Jerry and I knew that the house needed a lot of work but we weren’t expecting a lack of running water for the first few days after we moved in.  I lived in fear of needing the loo!  We’re not even on mains water, dear Reader.  There’s a borehole and the water comes from the nearby farm. To add to the long list of things to fix, said water tested positive for E.Coli so it’s bottled only for the time being.  Never mind the fact that we’ve nothing but a camping stove and a gas barbecue to cook on.  Getting to sleep proved rather challenging on the first night too as visitors with hob nailed boots were jigging in the attic.
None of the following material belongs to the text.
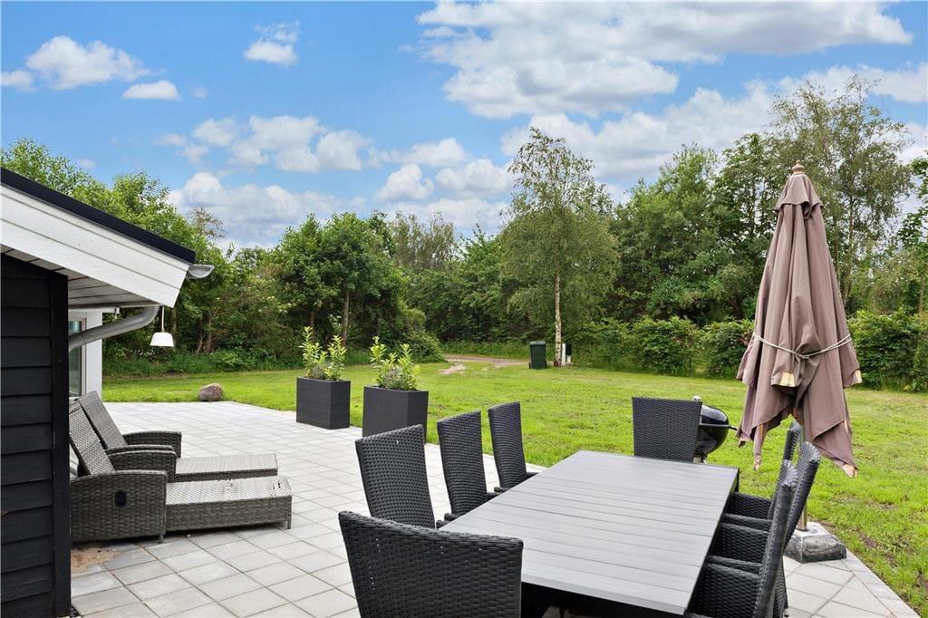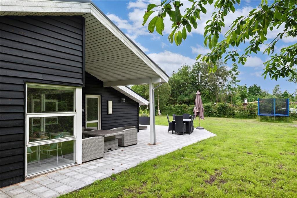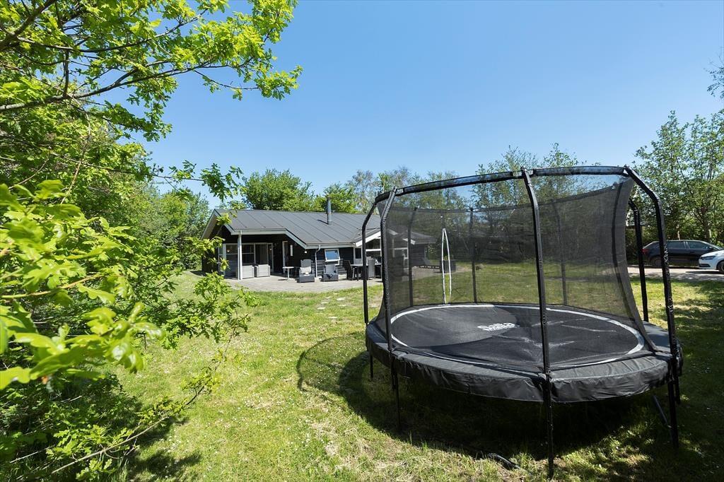 Auf dem wunderschönen Naturgrundstück kann sich die ganze Familie austoben. Der Rasen lädt zum Spielen und zu Ballaktivitäten ein und das Trampolin wird vor allem bei den jüngsten Gästen für Begeisterung sorgen. Die überdachte Terrasse ist mit hochwertigen Gartenmöbeln ausgestattet, sodass ihr gemütliche Abende mit gegrilltem Essen und Blick ins Grüne genießen könnt. In nur fünf Minuten seid ihr zu Fuß am Strand, um ein Bad in der warmen Sonne oder im kühlen Wasser zu genießen.
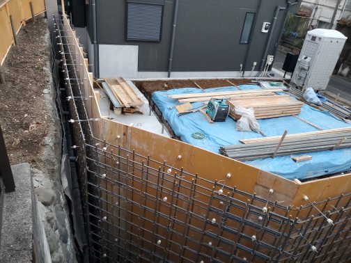 今日は、墨出し外をやりました段差が4段あるので墨出しに時間かかったが、外枠を建込み鉄筋も搬入して明日の配筋の段取りをして終わりました

Squirrels I prayed thought.  Only squirrels.  When the plumber arrived to fix the water tank the next morning, it turned out to be more of the other sort of rodents leaping about up there – you know, the ones with long tails, dear Reader.  Still, it seems that Poppy’s dreams of living in a caravan are coming true finally – it’s just that this caravan is not the shiny VW one she was imagining, it’s a large static one with brick and flint walls.

You’re probably thinking that we are entirely mad and you’d be right but bizarrely none of this seems to bother Jerry and I that much.  We have found home.  The girls are blissfully happy.  I watch them building dens in the new garden, making houses for faerie queens, climbing trees, taking turns in the wheelbarrow chariot and I feel so blessed that we have been able to make this happen for them.  It will take more than a lot of our blood (I’ve already been attacked by brambles just trying to free the windows that were stuck fast), sweat and tears to get the house working again and we’ll have to do much of it ourselves but it is all worth it when I see Poppy and Primrose enjoying their new surroundings.  As for the Monty and Dora, the cats and hens?  Well they have died and gone to heaven.  Not literally of course.  It’s all new to them too.  None of them have ever known such space from just outside the back door.

To be honest, I know it sounds awfully twee but we simply couldn’t be happier, dear Reader.  So you’ll have to forgive me for taking so long to pen this post but I’ve been waylaid by my new surroundings.  Each time we uncover something new from under thick layers of dust, peeling wallpaper or overgrown shrubbery, I feel the same way I felt when I walked into our new hallway for the first time and I just can’t stop pinching myself.  Lucky, just doesn’t even cover it.

So it’s time for a new chapter for Margot and Jerry.  Time to really turn our hands to the good life with all this lovely land we’ve now acquired.  I hope you’ll follow us as we attempt to graduate from haphazard bumpkins to full scale smallholders. Well, that’s the plan, at any rate, dear Reader….  Wish us luck!